Una grieta en el tejado
«Una mentira se puede retocar sin perder su esencia; una verdad retocada simplemente deja de serlo. Intervenimos el lenguaje que usamos, la cara, nuestros cuerpos, las fotos y los vídeos que mandamos de nosotros mismos; intervenimos el discurso a través de las redes sociales para proyectar una identidad social concreta; intervenimos la tecnología. Ante esta cultura del retoque, ¿cómo responde tu identidad personal?»
TODO empezó con una fina grieta en el tejado. La lluvia y la humedad encontraron esa vía para llegar hasta las vigas maestras de trescientos años, pero lo que iba a ser un poco de masilla en la cubierta de la casona del siglo XVIII, reponer tejas y sustituir algunas piedras, terminó por ser una adecuación a los rigores del siglo XXI: ventanales en vez del porche abierto al viento, PVC aislante en la balconada para el ahorro energético, luces LED que consumen menos, paneles solares sobre un tejado que podría ser patrimonio universal, a pesar de la grieta. Ahora la casa es cómoda y eficiente, aunque también podría entrar en la Lista Roja de Hispania Nostra. En países como Francia, hay leyes que obligan a las nuevas construcciones a preservar no solo los volúmenes y estilos arquitectónicos sino también el tipo de materiales que se han de usar; todas las casas resultan así armoniosas y repetidas a lo largo del país como postales de un cuento del que no quieres salir, aunque de tan bellos tengan algo de escenario. Ante este péndulo de extremos, me pregunto dónde ponemos el límite que separa la conservación del inmovilismo, ¿cuándo el cambio es parte de la evolución y cuándo una involución? ¿Qué es lo intocable hoy en día?

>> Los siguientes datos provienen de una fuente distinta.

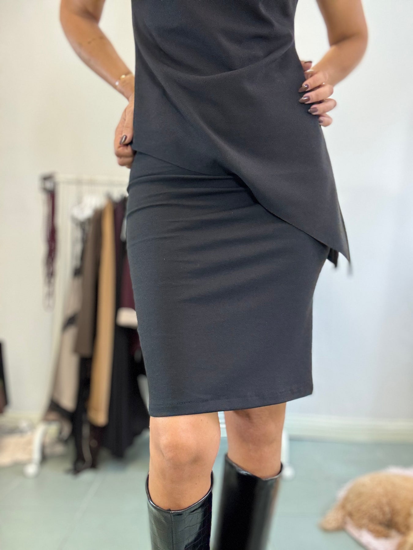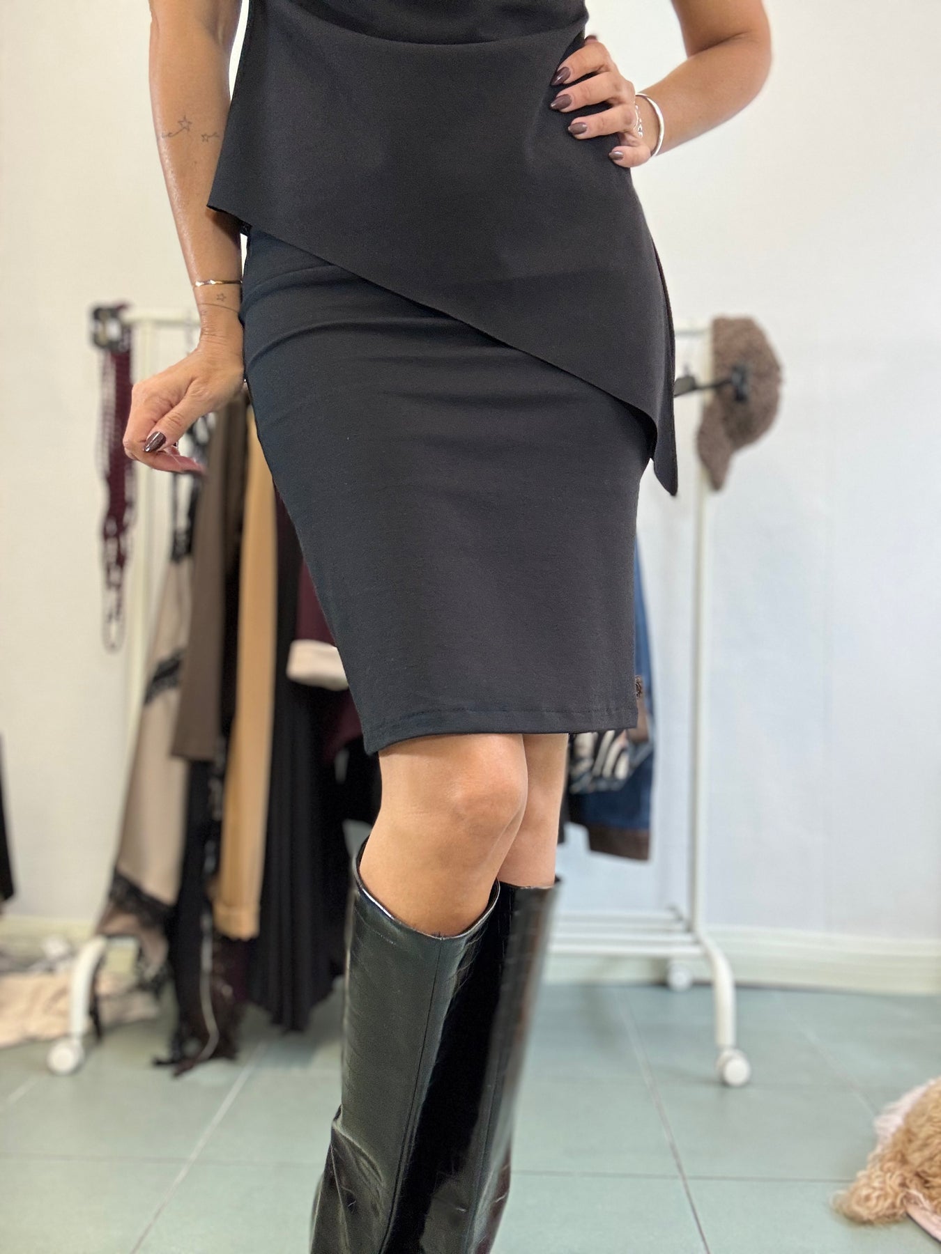 Gonna tubino elasticizzata con spacco posteriore, si chiude con la zip sempre posteriormente, elasticizzata molto bella da indossare sia per un look casual con stivaloni alti che per una serata un pochino più formale. Veste regolare. La modella indossa la taglia S ed è alta 1.74.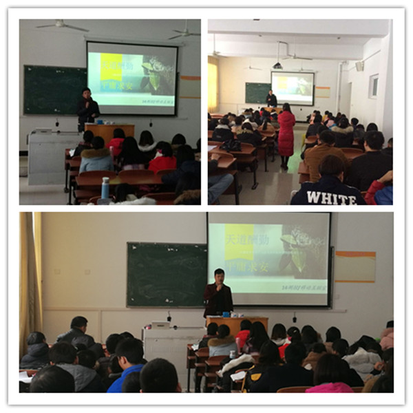 本网讯(通讯员:仝晓慧)11月28日下午,电子通信工程学院召开以“天道酬勤、平庸求安”为主题的成长交流会,2014级100余名学生参加交流会。会议由辅导员仝晓慧主持。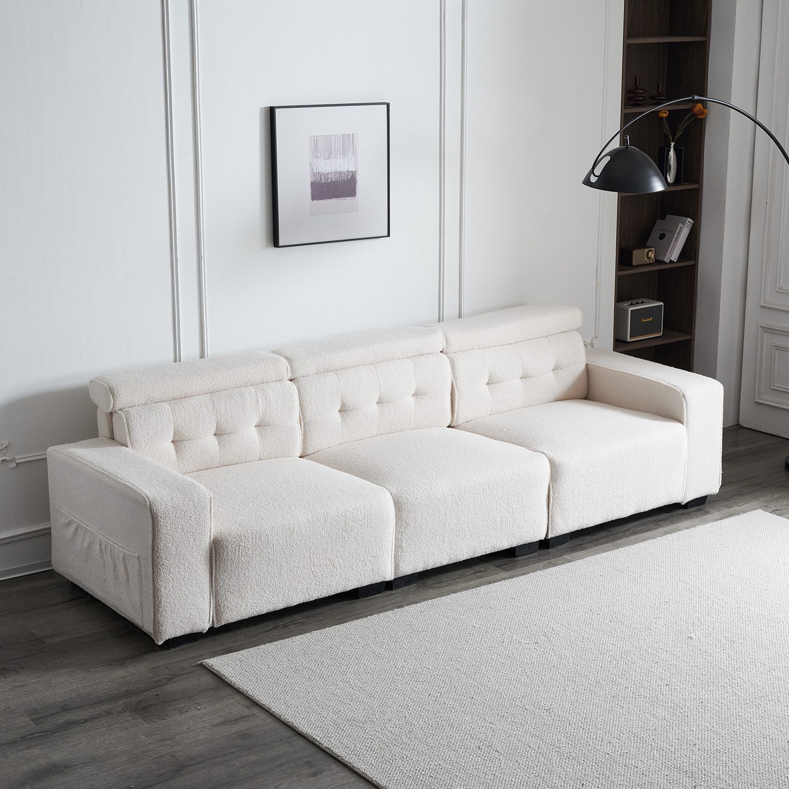 Ktaxon 115" 3-Seater sofa Modern Upholstered Couch with Adjustable Neck Pillows Teddy Velvet Deep Sofa with Wide Armrest and Seat for Apartment Living Room Creamy White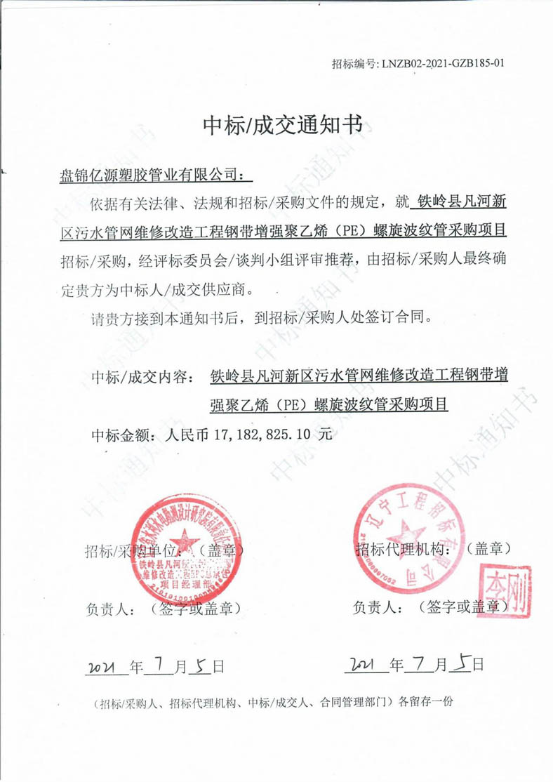 2021年(nián)6月(yuè)份我公司積極參與該項目投標,並在眾(zhòng)多參與投標企業中脫穎而出,成功中標該項目管材獨家(jiā)供應商;中標通知書: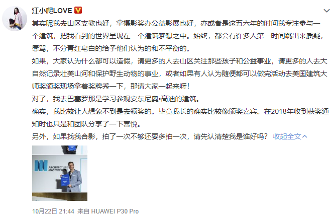 她在微博发表,自己“五六年时间专注参与一个建筑”、“去巴塞罗那学习参观安东尼奥的建筑”、“2018年收到获奖通知”、“被人合影一次不够还有多拍一次”,还有山区支教、摄影奖、公益影展。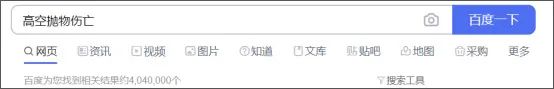 百度上高空拋物傷亡的相關新聞有4040000個。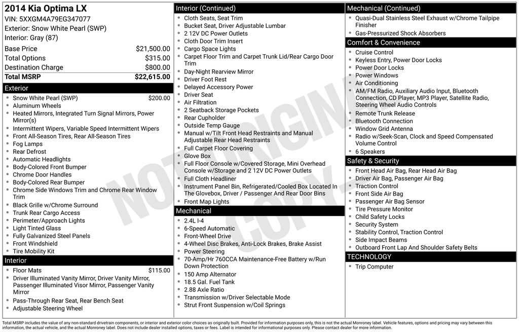 Snow White Pearl 2014 Kia Optima LX FWD 6-Speed Automatic with Sportmatic 2.4L I4 DGI DOHC 23/34 City/Highway MPG

La historia de la ciencia, la literatura, la política, la música o las artes avanza a base de romper los límites, y es ahí, en el cuestionamiento de cuál es la línea que separa el pasado de un futuro por concebir, donde surgen las nuevas dialécticas, sonidos y estéticas que llevan siglos configurando el pensamiento, el paisaje y hasta los gustos actuales entre los que nos movemos. Las casas de ahora no tienen nada que ver con las de hace un siglo, aunque se recuperen l as l í neas l i mpias de la Bauhaus, y la música tampoco, aunque los clásicos empapen las bandas sonoras de la industria cinematográfica, cuyos compositores parecen directos herederos de la narrativa sinfónica, hoy perdida en medio de ‘ hits’ y ‘singles’ de ‘fastfood’.
Los cambios no son malos, son inevitables. Cada periodo alumbra lo nuevo, ya sea rompedor e incómodo, liberador y majestuoso, feo, inexplicable, dañino, y sucede aunque esa evolución nos haga parecer incultos, perturbados o incapaces. Que se lo digan a Beethoven cuando estrenó la ‘Séptima sinfonía’ y Friedrich Wieck, padre de Clara Schumann, dijo que solo podría haberla escrito un borracho, o según Carl Weber, alguien a punto de ser ingresado en un psiquiátrico. ¿Y qué decir de científicos como Copérnico o Galileo, perseguidos por sus hallazgos? Si ellos asentaron las bases de la física, en la música el genio alemán se apoyó sobre el sonido heredado como en una viga maestra y construyó sobre ella una nueva estructura musical en la que nos seguimos cobijando cada vez que lo escuchamos. El problema, por tanto, no es retocar la realidad, a la vista está que la historia de la humanidad está hecha de cambios, desobediencias e incluso casualidades que alentaron la luz: cada cambio, para sus coetáneos, es difícil de asimilar, pero nuestra era se enfrenta ahora a un reto añadido ya que hemos equiparado nuestra capacidad de cambio al poder de tergiversar lo real, y sin la noción de lo intocable como clave de bóveda, nos estamos quedando sin referencias, a la intemperie.
Una mentira se puede retocar sin perder su esencia; una verdad retocada simplemente deja de serlo. Intervenimos el lenguaje que usamos, la cara, nuestros cuerpos, las fotos y los vídeos que mandamos de nosotros mismos; intervenimos el discurso a través de las redes sociales para proyectar una identidad social concreta; intervenimos la tecnología. Ante esta cultura del retoque, ¿cómo responde tu identidad personal, esa noción íntima del yo que tiene voz propia y traduce estas palabras en sentidos y réplicas en tus sienes? La casa retocada sigue siendo una casa, el texto creado por un algoritmo sigue siendo una redacción, y la familia real británica sigue siendo una familia a pesar de la manipulación de sus imágenes, pero todo desprende un tufo a ficción realista, como ese puente romano colmado de musgo y humedades y marcas del artesano que pulió sus piedras, pero cerrado al público por riesgo de hundimiento.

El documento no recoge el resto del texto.